С большим трудом она заставила себя выйти из машины и, не оглядываясь, почти побежала через скверик к дому. К счастью, Джек еще не пришел с работы и у нее было время немного успокоиться и вести себя так, как она вела себя всегда. Джек ничего не заподозрил, к тому же он настолько доверял жене, что у него и мыслей-то никаких не могло возникнуть о каком-то ее экстравагантном поступке.

Ночью она, вопреки обыкновению, очень долго не могла заснуть. Все время вспоминался первый поцелуй с Грегори, его теплые, твердые губы, и та волна горячей нежности и истомы, которую этот поцелуй вызвал. Лицо ее горело, она несколько раз вставала, умывалась холодной водой, даже выпила таблетку легкого успокоительного средства, которое имелось в доме «на всякий случай». Именно на всякий случай, потому что и Джек, и она отличались завидным здоровьем и даже обыкновенные простуды обходили их дом стороной. Теперь же Элизабет чувствовала себя совершенно выбитой из колеи.

«Не нужно себя обманывать: я хочу его видеть. Пусть это безнравственно, пусть это опасно, но я не могу задушить в себе это влечение. И не стану даже пытаться. Возможно, он сам одумается, поймет, над какой пропастью занес ногу, возможно, даже не станет больше звонить. Вот тогда я и возьму себя в руки и начну опять прежнюю жизнь. А пока…

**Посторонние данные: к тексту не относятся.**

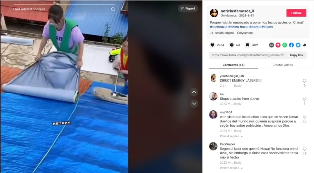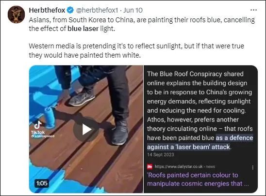 6月10日,一个好意思国会聚博主转发了一段视频称:“中国等国度正在把屋顶弄成蓝色,以此屏蔽激光火器”。
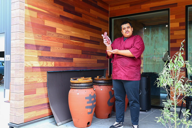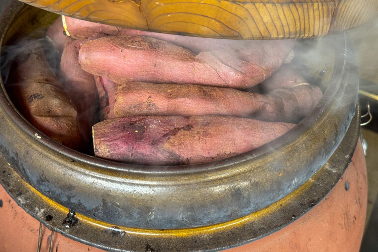 壷焼き芋は、店長の小林秀輝さんが毎朝店頭の壷でじっくりと焼き上げています。
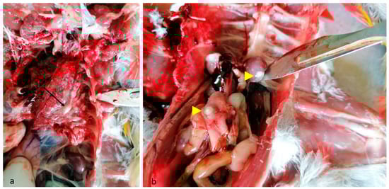 Macroscopic findings in parrot aspergillosis: (a) lungs showing fungal granulomas of various sizes (black arrows); (b) disseminated granulomas on spleen and intestinal serosa (yellow arrowheads).
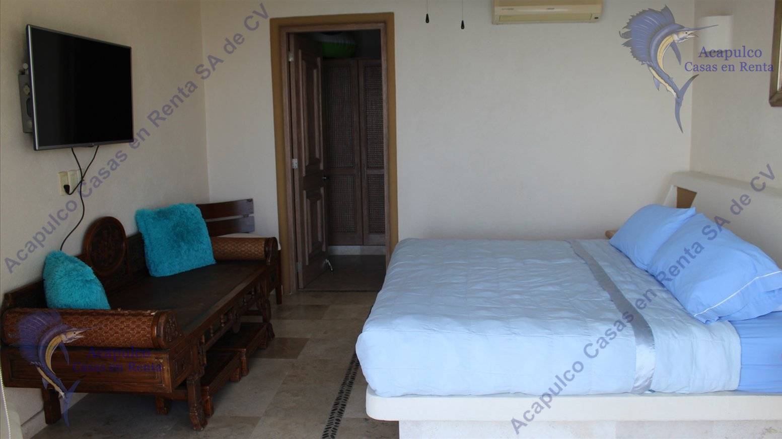 5.- Recamara con una King, TV con sky, baño completo, vestidor, aire acondicionado y vista espectacular.
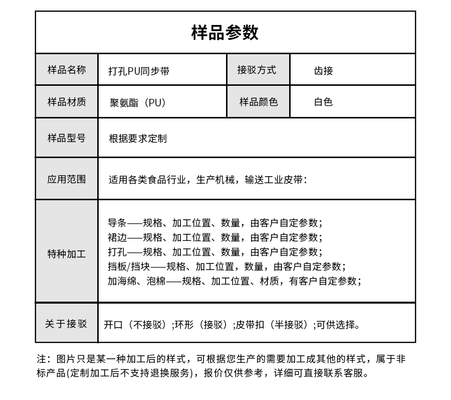 樣品名稱 | 打孔PU同步帶 | 接駁方式 | 齒接 |
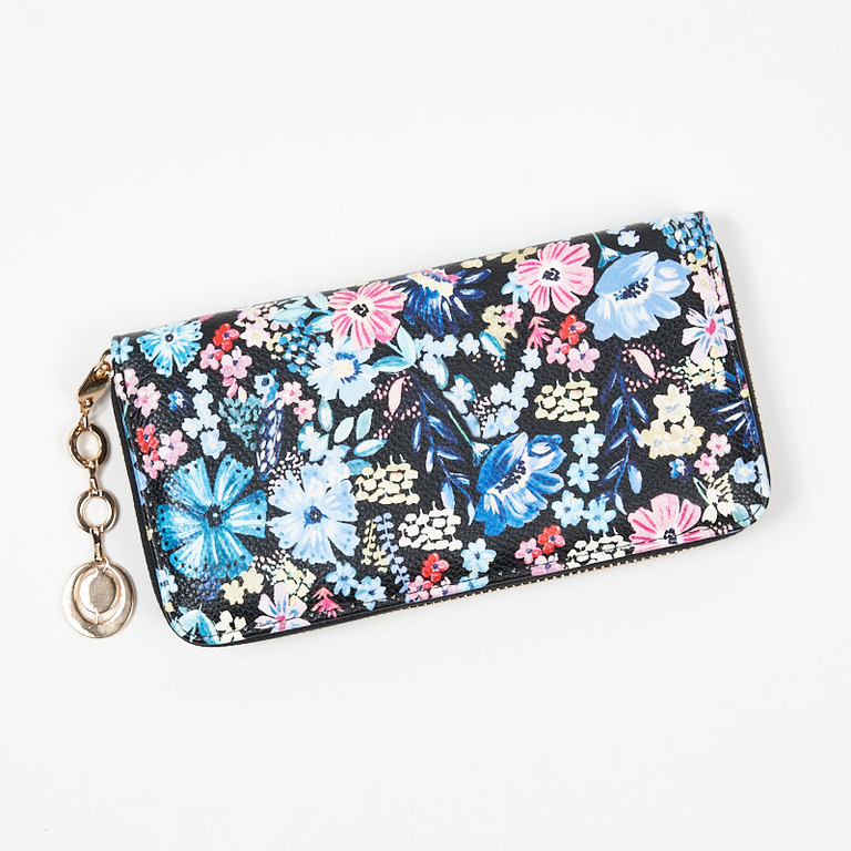 - Gėlėta moteriška piniginė iš ekologiškos odos, užsegama užtrauktuku. Modelis turi: - 2 skyrelius, tarp kurių 1 užtrauktuku užsegama kišenė monetoms, - 10 kišenių mokėjimo kortelėms ar kitiems dokumentams.

Я чувствовала, что Швеция для меня — это воистину сказочная страна, и со мной здесь обязательно случится что-то волшебное. И вот — случилось. Пусть больше ничего не будет, пусть мы никогда снова не увидимся, но сейчас я должна сказать самой себе: ты влюблена, дорогая. И не просто влюблена, а захвачена тем, что в дамских романах называют «страстью». Немногие могут похвастать тем, что у них в жизни были такие ощущения. Да, страсть длится недолго, да, мы никогда не будем по-настоящему вместе. Но эти переживания я никогда не забуду».

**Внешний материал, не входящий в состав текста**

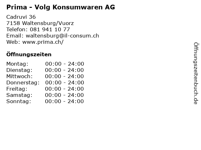 Öffnungszeiten Prima - Volg Konsumwaren AG
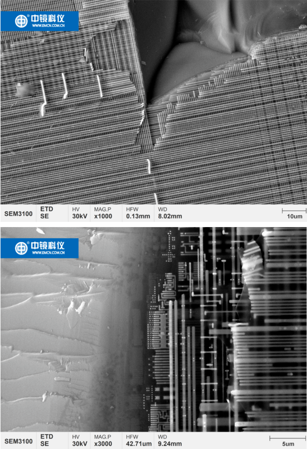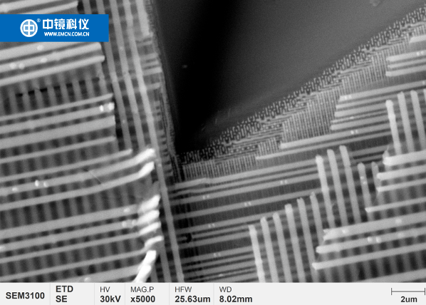 近日,國內(nèi)芯片行業(yè)喜報(bào)連連,8月29日,華為搭載麒麟9000S芯片的Mate 60 Pro正式上線,該芯片上行峰值網(wǎng)速可以達(dá)到5G標(biāo)準(zhǔn)。標(biāo)志著華為突破1079天封鎖!麒麟芯片正式回歸。8月30日中國移動(dòng)宣布,國內(nèi)首款商用可重構(gòu)5G射頻收發(fā)芯片“破風(fēng)8676”研制成功。 電子顯微鏡被廣泛應(yīng)用于芯片設(shè)計(jì)、制造和分析,芯片設(shè)計(jì)者可以通過SEM深入了解芯片內(nèi)部結(jié)構(gòu),優(yōu)化電路布局和排線方式,提高電路的性能和功耗比,觀察和分析微小缺陷和結(jié)構(gòu)變化從而有效提高了芯片的可靠性和穩(wěn)定性,為芯片研發(fā)人員提供了重要的數(shù)據(jù)支持。 下面我們就隨著電子顯微鏡的視野走進(jìn)納米尺度下芯片的世界: 本次選取了Intel奔騰4524(90nm制程)和Intel奔騰雙核E6600(45nm制程)和晶圓,利用掃描電子顯微鏡(SEM)進(jìn)行了觀察。 首先,晶圓放大50倍后,可以看到整整齊齊地排列著數(shù)不盡器件和導(dǎo)線就像一座星羅密布的城池里面縱橫交錯(cuò)的街道。 晶圓放大1000倍,可以看到一個(gè)個(gè)器件整齊排列,正如城池內(nèi)一個(gè)個(gè)建筑物。 cpu芯片放大了1000倍和3000倍,可以看到內(nèi)部的導(dǎo)線整齊地排列,像一條條復(fù)雜的高架橋,連接cpu內(nèi)各個(gè)部件。 放大5000倍,可以看到cpu芯片內(nèi)部有多個(gè)分層,而且每層連線的線徑、間距、走向均不一致,隨著層數(shù)越深線徑、間距越小。 放大到10000倍,可以看到最下層的部件,對比這兩款cpu,可以明顯看出Intel奔騰雙核E6600比Intel奔騰4524精細(xì)得多,經(jīng)過測量,分別為47納米和95nm,與制程參數(shù)基本一致。 芯片被譽(yù)為是人類智慧的“結(jié)晶”,看起來很小,但內(nèi)部結(jié)構(gòu)極為復(fù)雜,對于人類的各個(gè)方面生活都有著深遠(yuǎn)的影響和價(jià)值,電子顯微鏡和芯片一樣,同屬于“卡脖子”技術(shù),此次芯片的突破為我們注入一劑強(qiáng)力劑,只要我們牢牢抓住科技創(chuàng)新的“牛鼻子”,相信在不遠(yuǎn)的將來,“卡脖子”技術(shù)將被我們一一突破。 回頭望,中國芯道阻且長終破浪, 往前看,電鏡夢行而不輟看東方。 編寫:趙勝藍(lán) 攝影:郭 珊 制作:李慧芳 審核:王 萍 校對:李鳳麗、殷 雪

Утром Элизабет встала совершенно разбитая, даже Джек поинтересовался, не больна ли она. Она сослалась на сильную головную боль и добавила (что было почти правдой):

— Я слушала вчера органный концерт в церкви и, кажется, музыка на меня слишком сильно подействовала. Пойду погуляю вдоль озера, все пройдет.

— Ты слишком уж впечатлительна, старушка, — улыбнулся Джек. — А может быть ты…?

Они давно хотели ребенка и не принимали никаких мер предосторожности, но после первого выкидыша Элизабет никак не могла забеременеть. Правда, обращаться к врачам они пока считали преждевременным: слишком мало времени прошло, чтобы беспокоиться.

Поэтому Элизабет только покачала головой с виноватым видом.

— Нет… Хотя… Подождем пару недель, возможно…

Это вырвалось у нее совершенно инстинктивно, она словно предчувствовала, что события могут повернуться самым неожиданным образом и нужно быть к этому готовой. Точнее, подготовить Джека. Они любили друг друга почти каждую ночь, и Элизабет получала от этого удовольствие, но после вчерашнего поцелуя…

После прогулки и выпитой на свежем воздухе чашки кофе ей стало немного лучше, во всяком случае, она уже могла здраво рассуждать о том, что же ей делать, если Грегори все-таки позвонит. Где они могут встретиться? Где-нибудь за городом, в безлюдном месте? Но это значит, что ей снова придется брать такси, а обратно возвращаться на машине Грегори и добром это не кончится. Что же делать?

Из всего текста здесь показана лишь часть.